AIM OF THE EXERCISE
What you produce should match the records below precisely, except that images are removed.

---

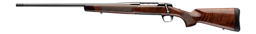 The Browning X-Bolt 2 Medallion is a bolt-action centerfire rifle chambered in 243 Win with a 22" sporter-weight threaded barrel and 4+1 capacity. It features a gloss-finished AAAA maple wood stock with rosewood accents, polished blued engraved receiver, adjustable deluxe trigger, and radial muzzle brake. Drilled and tapped for scope mounting, this rifle weighs 6 lbs 10 oz with an overall length of 42" and 1:10" twist rate.
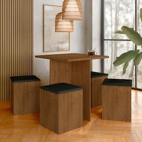 O Conjunto Sala de Jantar Mesa com 4 Banquetas Baú Calgary com um design moderno e funcional, este conjunto é perfeito para otimizar ambientes menores ou criar uma área de refeições versátil em sua casa!
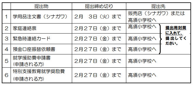 (内容) 2月3日(火)までに注文した学用品の受け取り
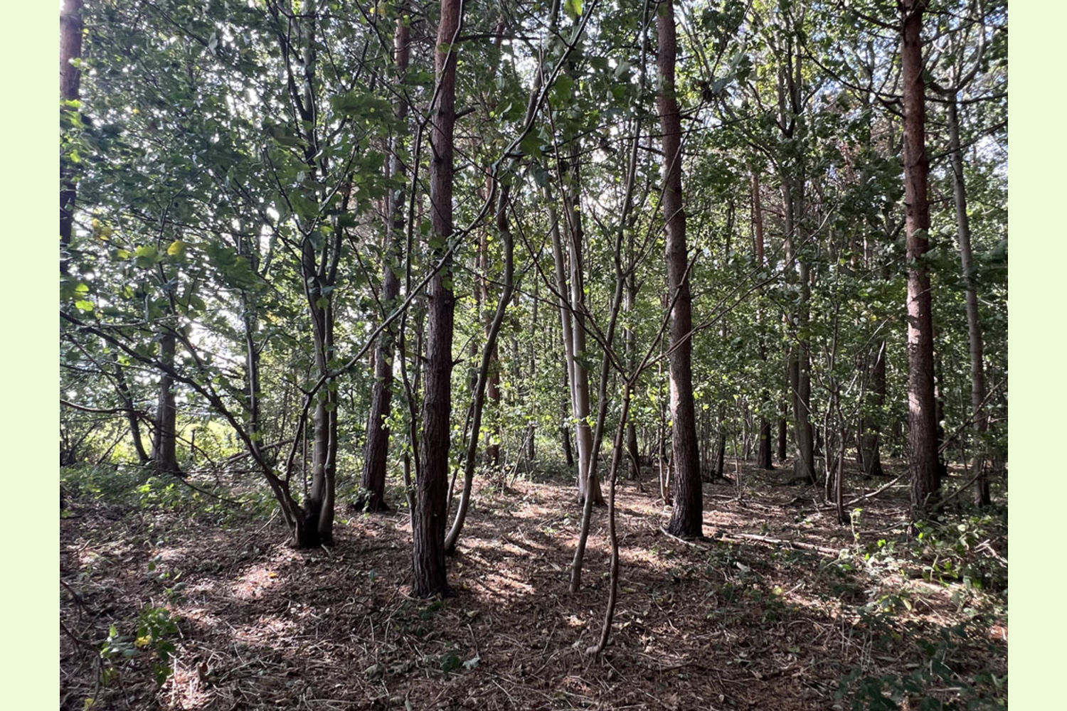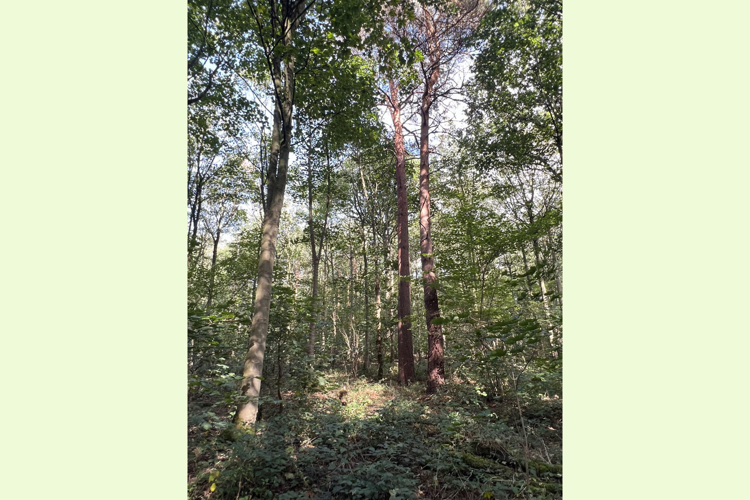 A wood with a very well balanced mix of broadleaved trees and pines in a quiet yet easily accessible location, just south of York.
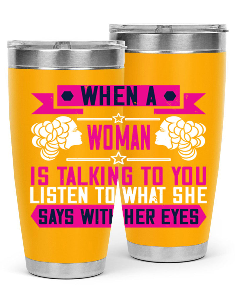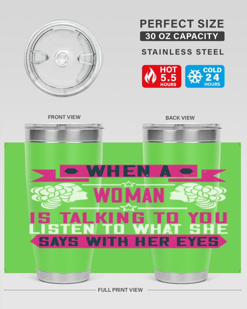 When a woman is talking to you listen to what she says with her eyes Style 21#- womens day- Tumbler
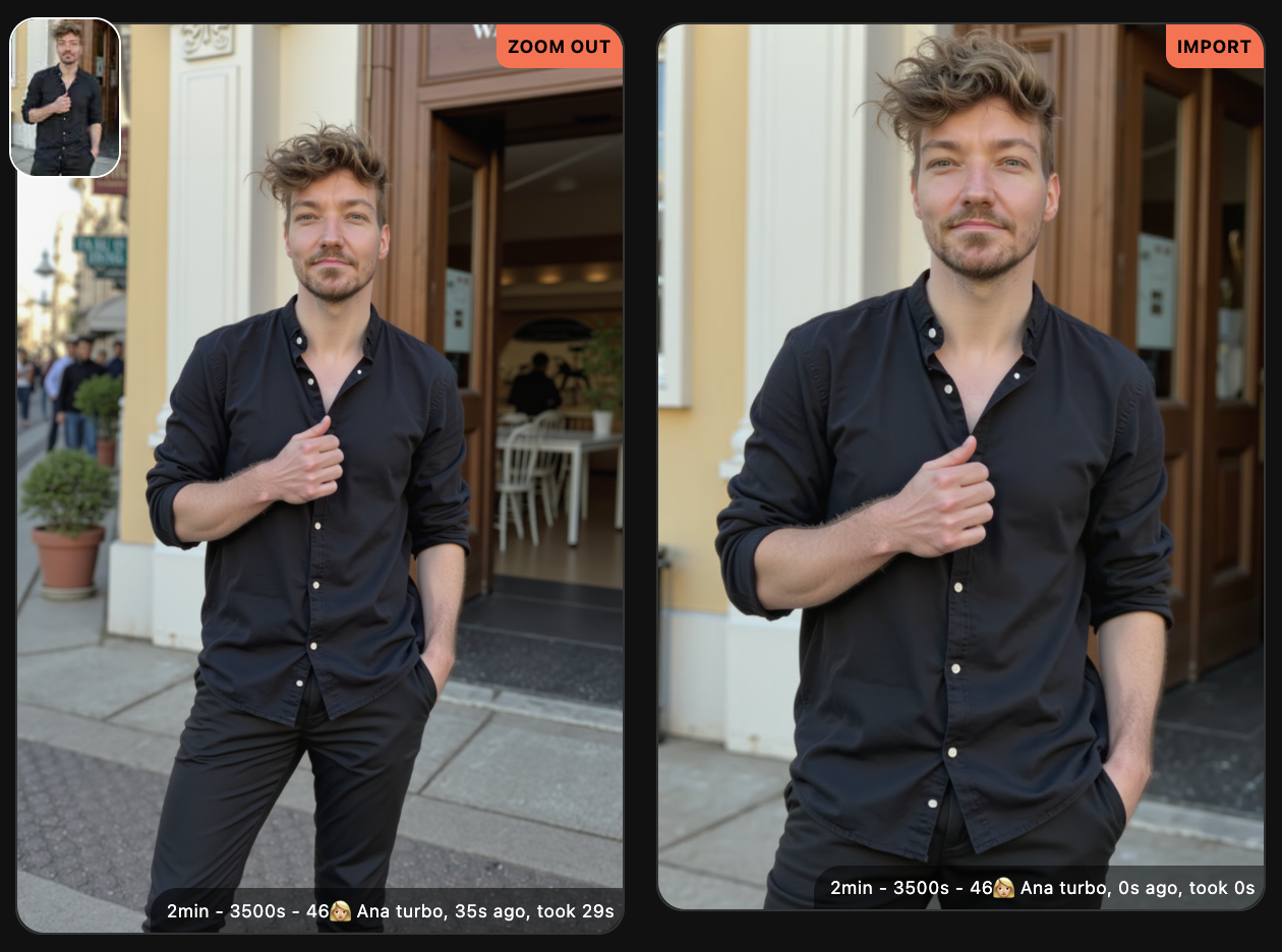 With Photo AI you can also upload your own images (like real photos you made or literally any image you can think of) and uncrop them with [ Zoom out ]
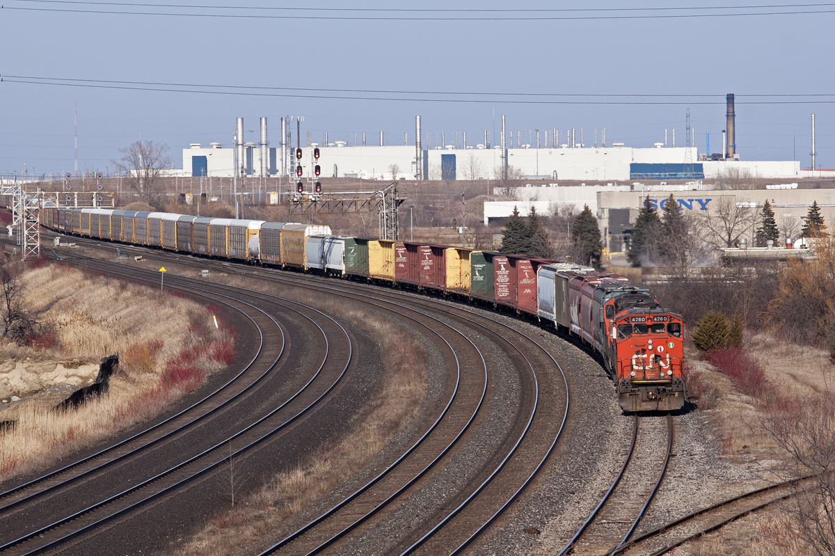 Caption: In response to Maxim Skorynin's photo of 570 departing Mac Yard, here's the same 570 departing Oshawa with 73 cars and 6700'.
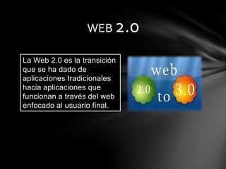 La Web 2.0 permite aplicaciones enfocadas al usuario final que funcionan a través del web. Se basa en la arquitectura existente de servidores web pero con un mayor énfasis en el software dorsal. La Web Semántica es una web extendida dotada de mayor significado, desarrollada con lenguajes universales que permiten a los usuarios encontrar respuestas más rápido gracias a una mejor estructuración de la información.
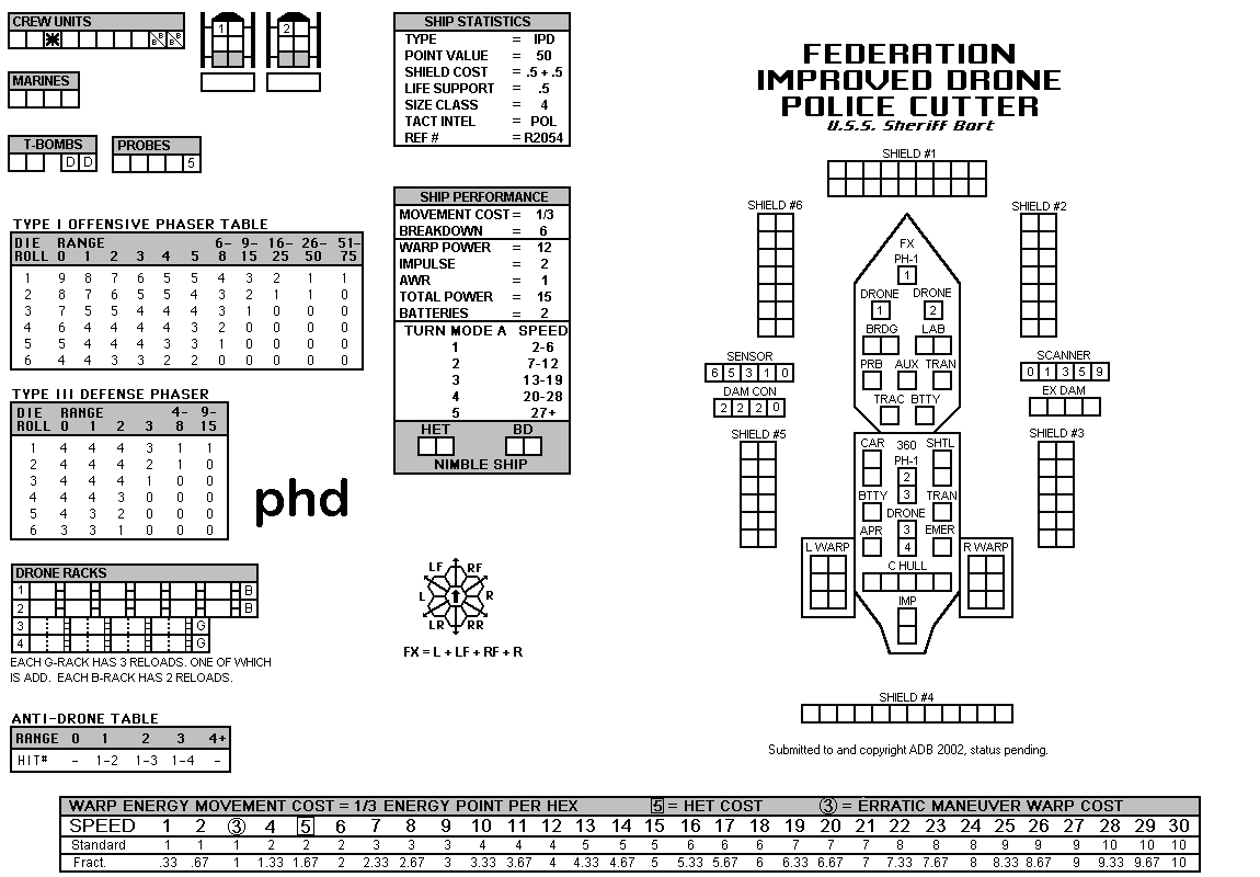 Note: Due to the small size of this ship, a type-VI drone does 4 pts. of damage rather than 2,

---

SOLVED PROBLEM
 The Browning X-Bolt 2 Medallion is a bolt-action centerfire rifle chambered in 243 Win with a 22" sporter-weight threaded barrel and 4+1 capacity. It features a gloss-finished AAAA maple wood stock with rosewood accents, polished blued engraved receiver, adjustable deluxe trigger, and radial muzzle brake. Drilled and tapped for scope mounting, this rifle weighs 6 lbs 10 oz with an overall length of 42" and 1:10" twist rate.
 O Conjunto Sala de Jantar Mesa com 4 Banquetas Baú Calgary com um design moderno e funcional, este conjunto é perfeito para otimizar ambientes menores ou criar uma área de refeições versátil em sua casa!
 (内容) 2月3日(火)までに注文した学用品の受け取り
 A wood with a very well balanced mix of broadleaved trees and pines in a quiet yet easily accessible location, just south of York.
 When a woman is talking to you listen to what she says with her eyes Style 21#- womens day- Tumbler
 With Photo AI you can also upload your own images (like real photos you made or literally any image you can think of) and uncrop them with [ Zoom out ]
 Caption: In response to Maxim Skorynin's photo of 570 departing Mac Yard, here's the same 570 departing Oshawa with 73 cars and 6700'.
 La Web 2.0 permite aplicaciones enfocadas al usuario final que funcionan a través del web. Se basa en la arquitectura existente de servidores web pero con un mayor énfasis en el software dorsal. La Web Semántica es una web extendida dotada de mayor significado, desarrollada con lenguajes universales que permiten a los usuarios encontrar respuestas más rápido gracias a una mejor estructuración de la información.
 Note: Due to the small size of this ship, a type-VI drone does 4 pts. of damage rather than 2,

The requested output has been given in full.